Elderheim is security-sensitive compiler infrastructure. Treat parser, normalization, relocation, executable-format, runtime-fragment, dependency, and CI changes as high-risk until tested.
Run these regularly and before release candidates:
scripts/checks.sh
cargo deny check
cargo audit
scripts/generate-sbom.shGitHub Actions run normal Rust CI. GitHub CodeQL default setup should be enabled in the repository security settings. Keep only one active CodeQL configuration: do not add an advanced CodeQL workflow while default setup is active.
After the release-candidate commit is pushed, GitHub CodeQL default setup runs
on that commit.
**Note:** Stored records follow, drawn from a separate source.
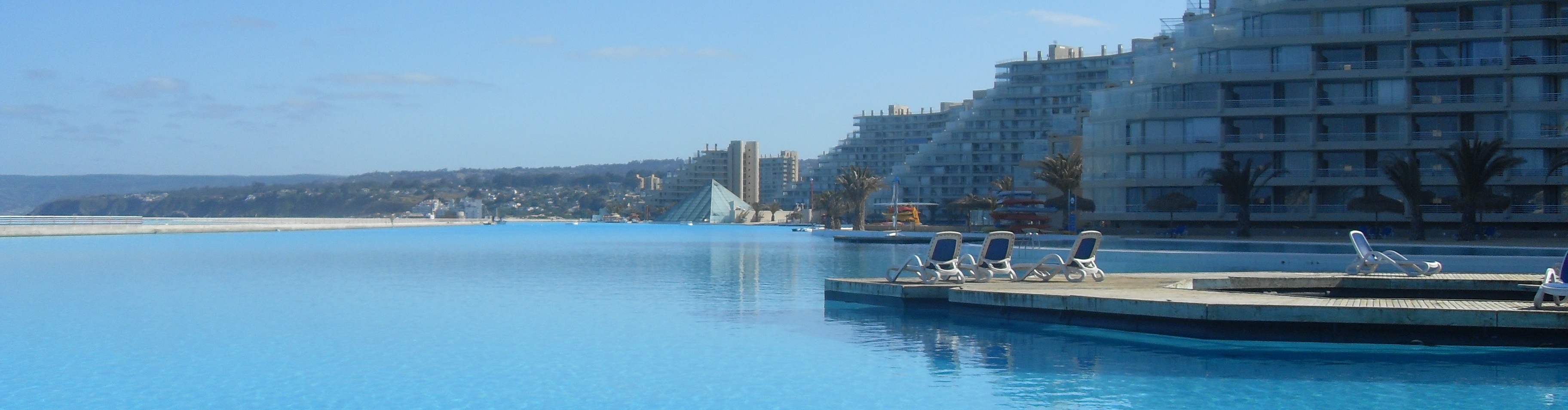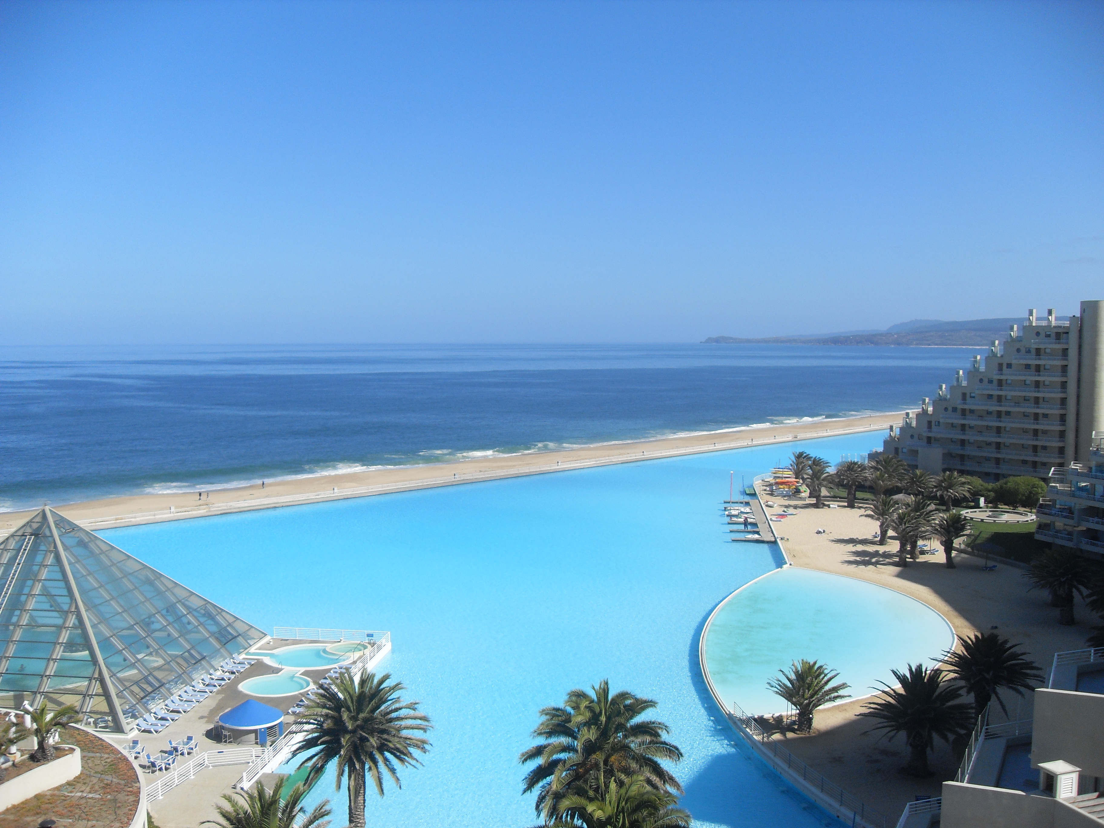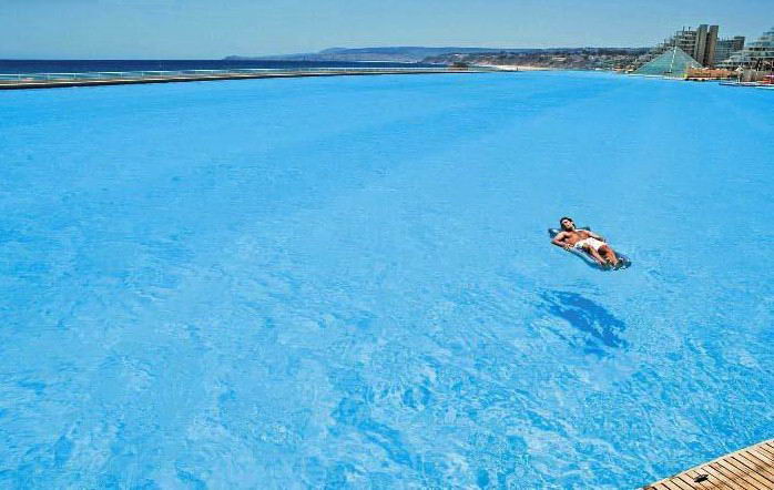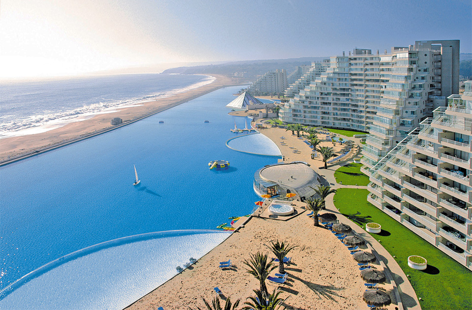 Com 1km de extensão e superfície de 80 mil m², a piscina gigante localizada no resort San Alfonso Del Mar é reconhecida como a maior do mundo pelo Guinness, o livro dos recordes. Os 250 mil m³ de água contidos nela seriam suficientes para abastecer 6 mil piscinas de dimensões convencionais.
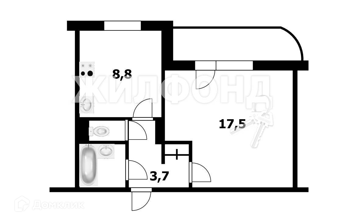 1-комнатная квартира, 33.8 м2, этаж 8 / 10, на продажу в Новосибирске, улица Селезнева, 52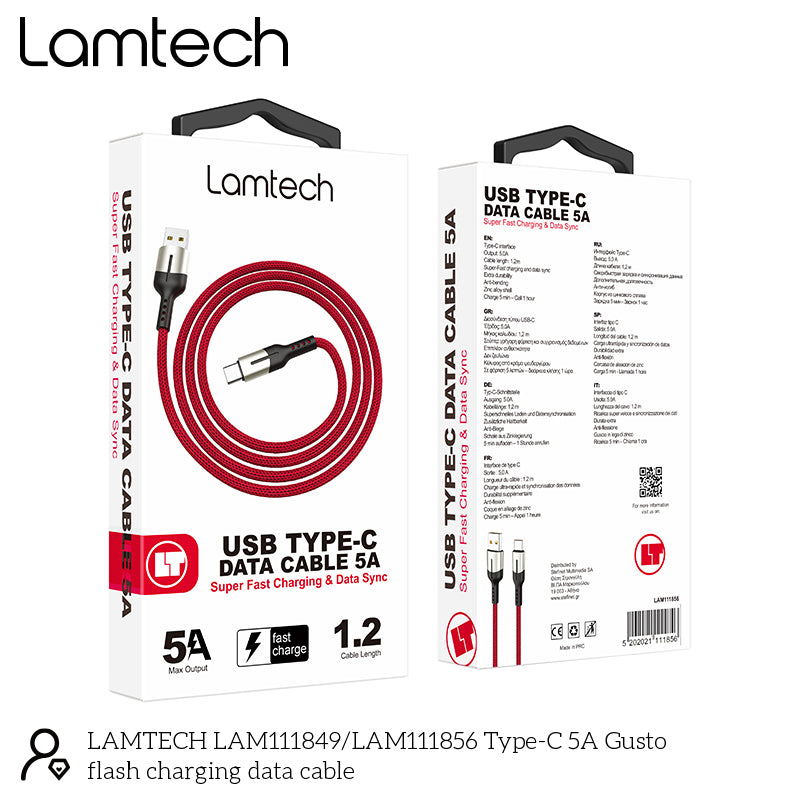 Lamtech Usb Type C Data Cable 5 A 1,2 M Red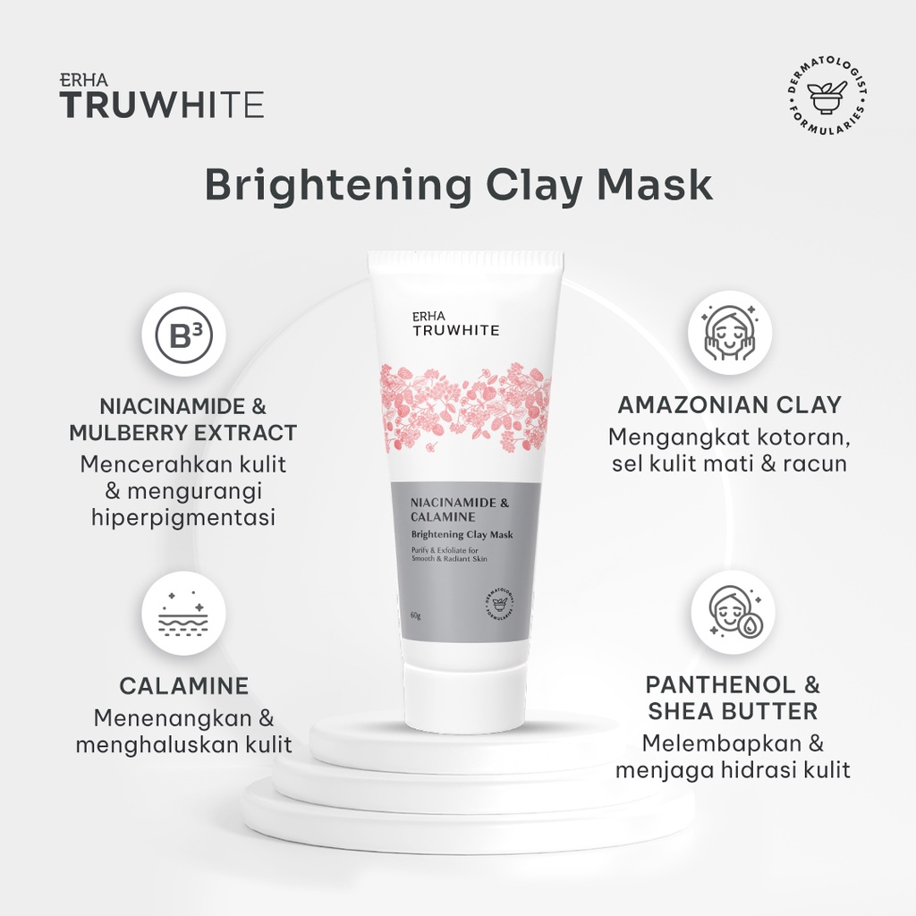 ERHA Truwhite Niacinamide & Calamine Brightening Clay Mask 60g - Masker Pencerah Wajah

If CodeQL reports findings, fix them, update the matching
security/pentest/<version>.md report, and make a new release-candidate commit.
The dependency policy lives in deny.toml. Unknown registries and git sources
are denied by default. License exceptions must be narrow and documented.
Elderheim starts with no third-party crate dependencies. Any dependency change is a supply-chain change and needs review.
Generated programs must not depend on rustc, Cargo, LLVM, Cranelift, system assemblers, system linkers, libc, or external BASIC runtimes.
Executable writers must use explicit byte serialization and checked arithmetic. Do not serialize executable headers by casting Rust structs to bytes.
Do not publish exploitable security details before a fix is available. Open a private security advisory or contact the maintainers directly once the public repository security channel is configured.